» **WORK ITEM**
These records contain pictures, which must be left out; copy exactly the lines from the one with "Tintorería Aster en" up to and including the one with "Пред етно-кућом чула се и Светосавска химна".

» **EXTRACTED ENTRIES**
────────────────

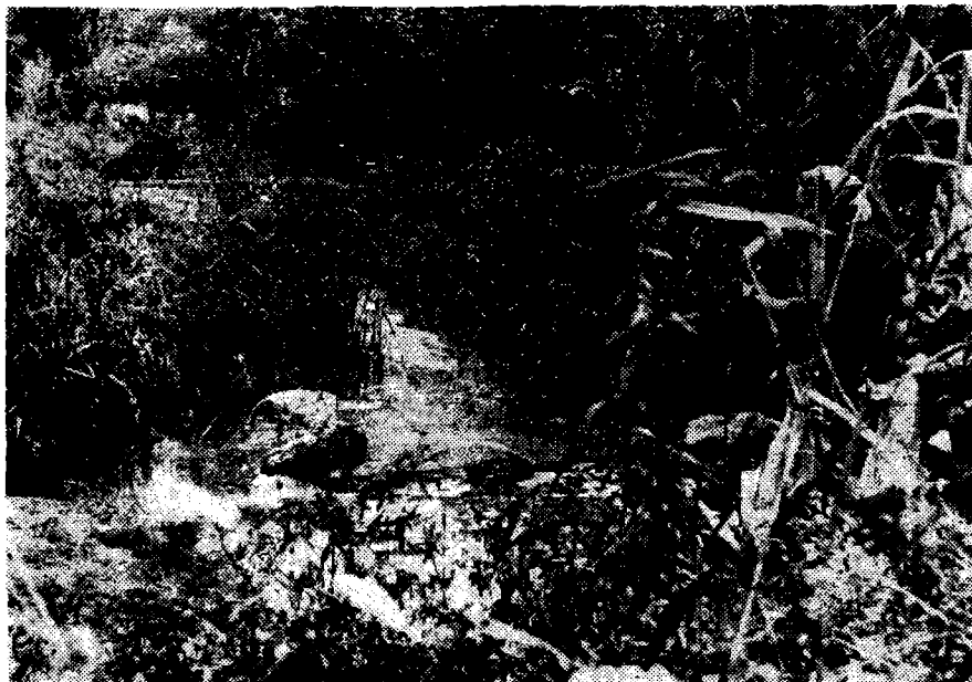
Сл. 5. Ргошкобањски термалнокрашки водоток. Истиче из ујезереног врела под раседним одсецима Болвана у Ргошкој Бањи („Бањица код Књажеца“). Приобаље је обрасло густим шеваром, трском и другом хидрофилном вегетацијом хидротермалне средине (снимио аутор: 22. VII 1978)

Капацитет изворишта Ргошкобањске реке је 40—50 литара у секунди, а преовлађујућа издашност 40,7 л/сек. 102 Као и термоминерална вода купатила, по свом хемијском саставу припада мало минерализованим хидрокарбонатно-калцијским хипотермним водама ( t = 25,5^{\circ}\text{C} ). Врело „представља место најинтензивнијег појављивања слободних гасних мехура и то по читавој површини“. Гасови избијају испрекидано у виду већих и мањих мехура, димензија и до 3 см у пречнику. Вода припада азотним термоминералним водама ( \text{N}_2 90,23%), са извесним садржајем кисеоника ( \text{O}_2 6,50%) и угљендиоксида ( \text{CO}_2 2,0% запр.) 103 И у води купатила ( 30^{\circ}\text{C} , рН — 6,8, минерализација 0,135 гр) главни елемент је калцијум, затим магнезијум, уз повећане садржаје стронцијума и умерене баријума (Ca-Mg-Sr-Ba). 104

────────────────

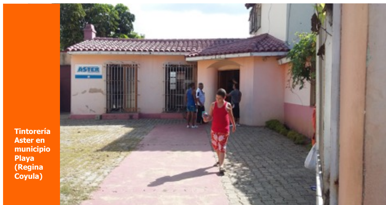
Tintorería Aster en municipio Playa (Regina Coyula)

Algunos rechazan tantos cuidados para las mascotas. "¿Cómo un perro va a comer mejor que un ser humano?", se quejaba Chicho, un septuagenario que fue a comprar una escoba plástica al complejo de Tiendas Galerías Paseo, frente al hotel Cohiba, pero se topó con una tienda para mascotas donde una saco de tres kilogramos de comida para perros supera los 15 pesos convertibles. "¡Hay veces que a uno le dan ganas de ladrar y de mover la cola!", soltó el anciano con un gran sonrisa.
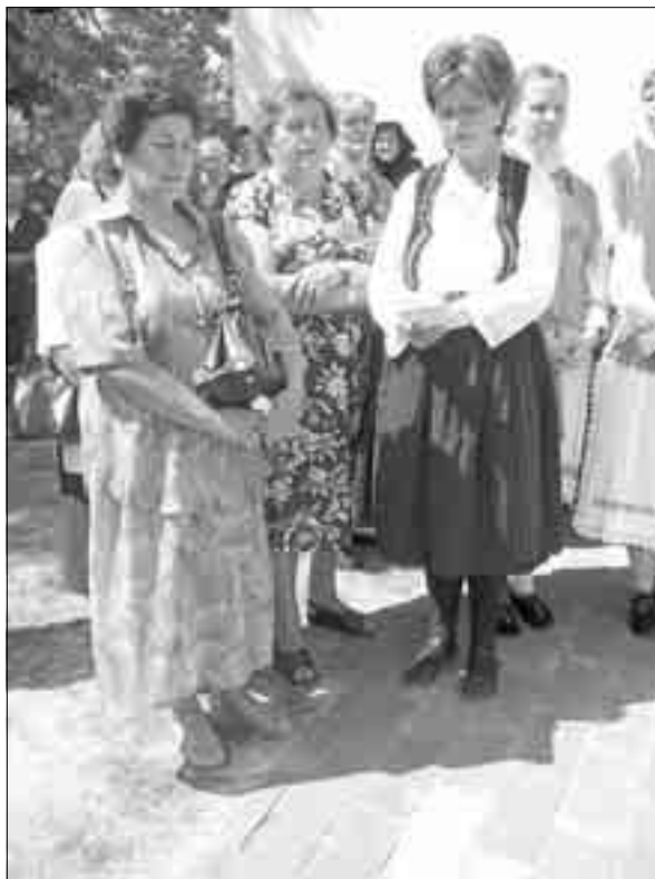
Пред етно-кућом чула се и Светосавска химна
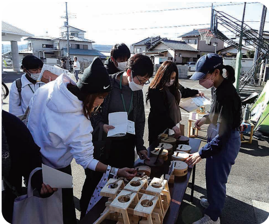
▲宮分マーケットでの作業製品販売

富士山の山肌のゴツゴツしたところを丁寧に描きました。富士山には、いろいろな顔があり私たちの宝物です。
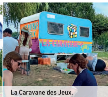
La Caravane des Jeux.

────────────────

» **RESULT OF THIS TASK**
Tintorería Aster en municipio Playa (Regina Coyula)

Algunos rechazan tantos cuidados para las mascotas. "¿Cómo un perro va a comer mejor que un ser humano?", se quejaba Chicho, un septuagenario que fue a comprar una escoba plástica al complejo de Tiendas Galerías Paseo, frente al hotel Cohiba, pero se topó con una tienda para mascotas donde una saco de tres kilogramos de comida para perros supera los 15 pesos convertibles. "¡Hay veces que a uno le dan ganas de ladrar y de mover la cola!", soltó el anciano con un gran sonrisa.
Пред етно-кућом чула се и Светосавска химна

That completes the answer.